We've glimpsed other possibilities.

We've watched the way Jesus did this thing called life, and as scientists tell us, all you need is one instance where the theory doesn't hold, and the law is broken. It can't be a law anymore. Gravity can't be gravity unless all physical objects obey it.

If a rock just started floating upwards to the sky, then we'd be forced (or, rather, much smarter people with a trail of letters following their names would be forced) to come up with a new law because Gravity's turn would be done.

So, if Jesus broke and breaks the Law of Conditional Love, then it can't really be a law.

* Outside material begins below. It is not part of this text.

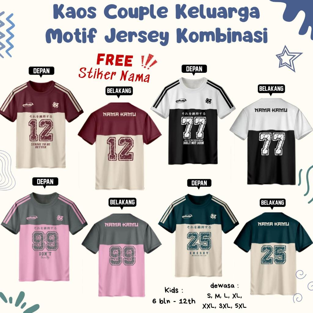 [FREE NAMA] Kaos Couple Oversize Keluarga Motif Jersey Kombinasi

Furthermore, if Gandhi can look at the life of Christ and proceed to break the Law of Conditional Love, then it takes another serious knock. When King comes along, followed by Mother Teresa, and a host of others...well, the Law of Conditional (or Marketplace) Love starts to look fairly shabby. It doesn't hold up as a law, a scientific theory, or even a good bet anymore.

So. The "it" then.

Unconditional love. Love that we can't earn. Love that results not because of the work we do, the way we make another feel, or the cha-ching we gather like squirrels.

Few things strike us as strange, as rare, or as dang hard to classify as Unconditional Love. Maybe that's why, when we see it, we innately and suddenly know it to be, indeed, the "it" that "it's" all about.